Konsep koperasi yang berbasis pada prinsip-prinsip solidaritas, demokrasi ekonomi, dan partisipasi anggota adalah salah satu pilar penting dalam perekonomian Indonesia.
Koperasi, sebagaimana diatur dalam UU No. 25 Tahun 1992 yang kemudian dirubah menjadi UU No. 17 Tahun 2012 tentang Perkoperasian, memiliki potensi besar untuk menjadi instrumen pemberdayaan ekonomi rakyat.
Namun, di tengah upaya pemerintah yang dipimpin oleh Prabowo Subianto untuk membentuk Koperasi Desa (Kopdes) Merah Putih, muncul pertanyaan mendalam:
Apakah pendekatan top-down yang diusung dalam rencana ini benar-benar dapat mencapai tujuan tersebut atau justru menambah ketergantungan terhadap pemerintah.
Potensi Positif dan Ambisi Besar
Rencana Presiden Prabowo Subianto membentuk 70.000 Koperasi Desa (Kopdes) Merah Putih di seluruh Indonesia patut diapresiasi sebagai upaya strategis untuk memperkuat ekonomi desa.
Program ini menargetkan pembangunan koperasi di setiap desa dengan alokasi dana Rp5 miliar per unit untuk keperluan seperti gudang pangan, klinik desa, dan logistik, serta memotong rantai tengkulak yang selama ini memberatkan petani.
Tito Karnavian, Menteri Dalam Negeri, menegaskan bahwa Kopdes Merah Putih dirancang untuk meningkatkan ketahanan pangan, stabilisasi harga, dan penguatan distribusi hasil pertanian.

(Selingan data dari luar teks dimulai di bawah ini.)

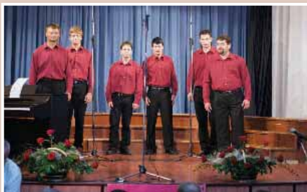
Nastop Slovenskogoriških glasov na Orfejevi pesmi 2011

Izvedbo koncerta, ki bo potekal kot ena izmed prireditev ob občinskem prazniku občine Lenart, sta omogočila občina Lenart in JSKD Lenart.
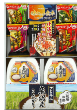
プレミアム簡単ごはんギフト
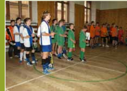
A teď už je známe

cesty za svěcením, v půli seminární formace. Někteří ji přirovnávají k zásnubám.

Skala proyek ini--dengan anggaran mencapai Rp350 triliun--menunjukkan komitmen pemerintah dalam mengentaskan kemiskinan pedesaan, terutama mengingat 44 persen penduduk Indonesia masih tinggal di desa.
Namun, ide ini, meski sangat baik dalam teori, membawa tantangan besar dalam hal pelaksanaan dan dampaknya terhadap independensi koperasi.